I suggest you try doubling your nitrate concentration. If you are using a test kit to determine that you have 10 ppm, don't forget that our test kits are not at all accurate unless you calibrate them. Raising NO3 concentration won't kill the BGA, but it will make it a lot harder for it to come back.


----------



## Wasserpest (Jun 12, 2003)

fresh_newby said:


> is it slimey and gloppy?


Nah, it is blue-green and stinky, and you can pick it up in "sheets".


----------



## JeremyChase (May 23, 2006)

Wasserpest said:


> Nah, it is blue-green and stinky, and you can pick it up in "sheets".

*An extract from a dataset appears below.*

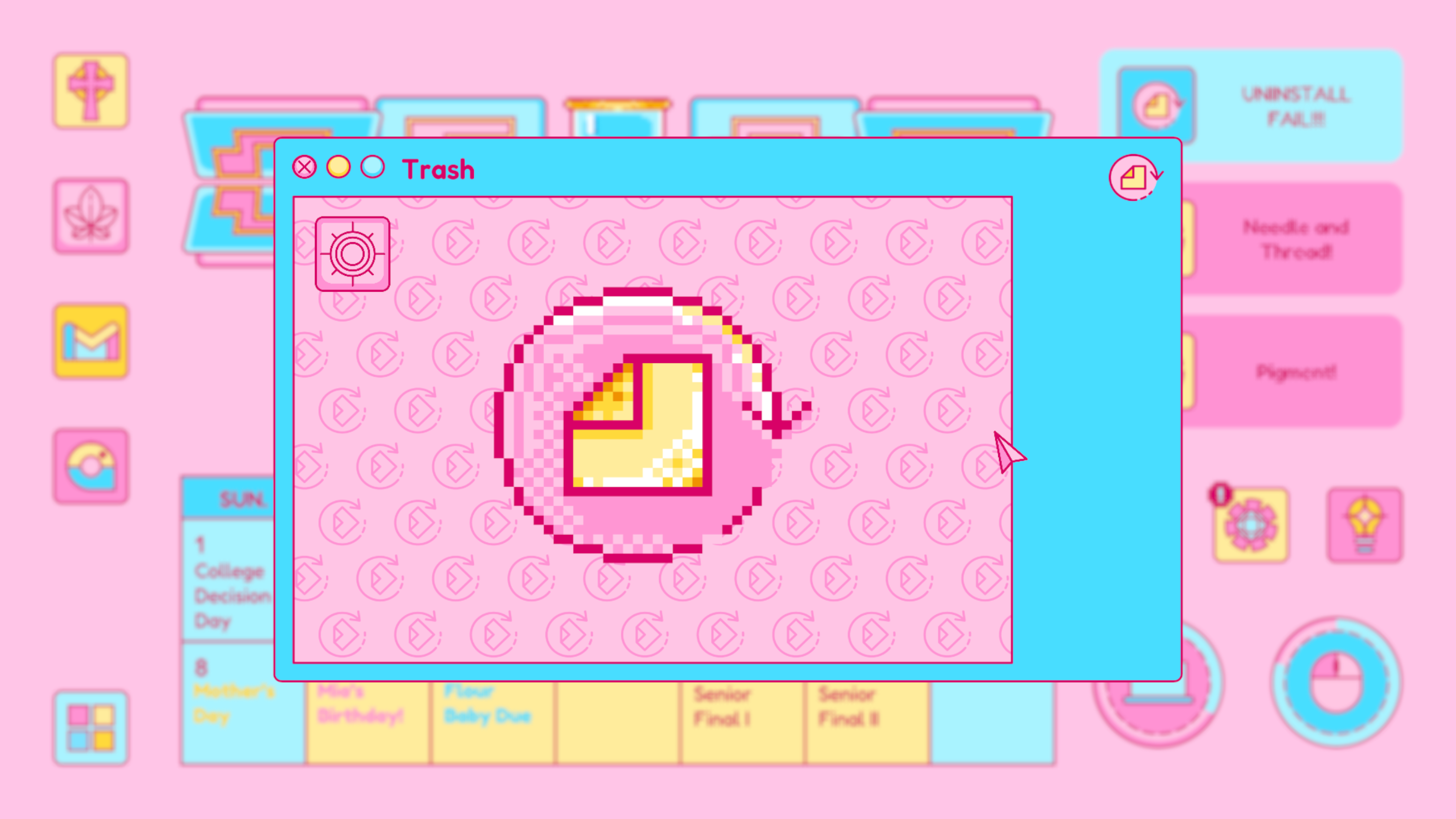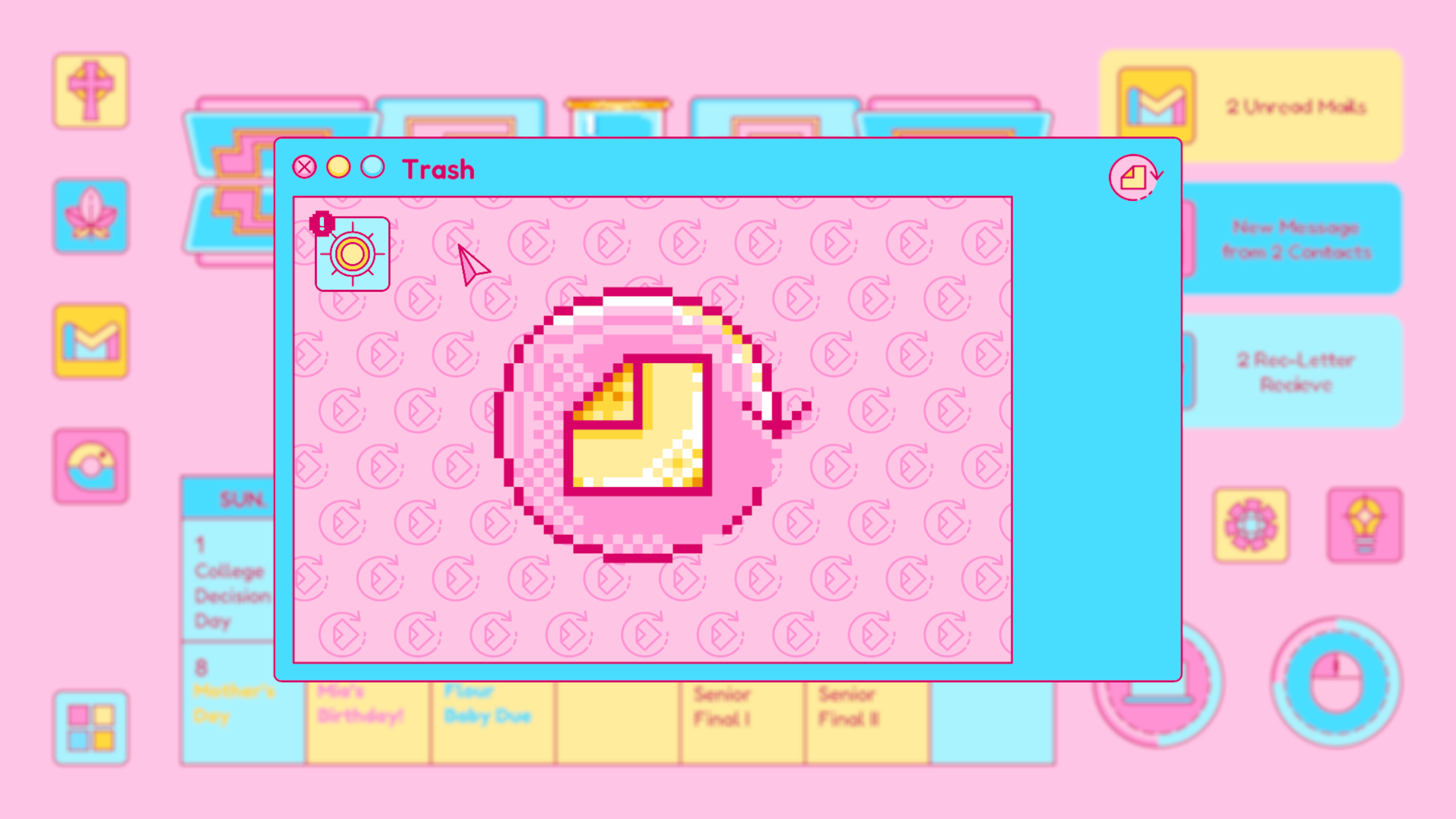 Trash is designed based on any real life computer trash, which contains a lock program inside. The player will only use the lock program here at the beginning of the second part. It is the fourth app to be opened, unlocked from School.

I gravel-vac'd my tank last night before the blackout, and it came up in sheets; but it pulled up a bunch of my gravel too! What a mess.. I can't wait for this blackout to be over!

13 hours down, 59 to go 

-Jer


----------



## fresh_lynny (Mar 9, 2006)

Wasserpest said:


> Nah, it is blue-green and stinky, and you can pick it up in "sheets".


*PHEW* this just looked like 3 small globs of turquois snot that came up in one viscous drip with my foreceps


----------



## dweebikus (Jul 11, 2006)

Is blackout the only way to kill it? Even if I bring the Nitrates and CO2 levels up?


----------



## JeremyChase (May 23, 2006)

dweebikus said:


> Is blackout the only way to kill it? Even if I bring the Nitrates and CO2 levels up?


If you bring your CO2 and Nitrates up the BGA will still be there; so no, that won't kill it..

-Jer


----------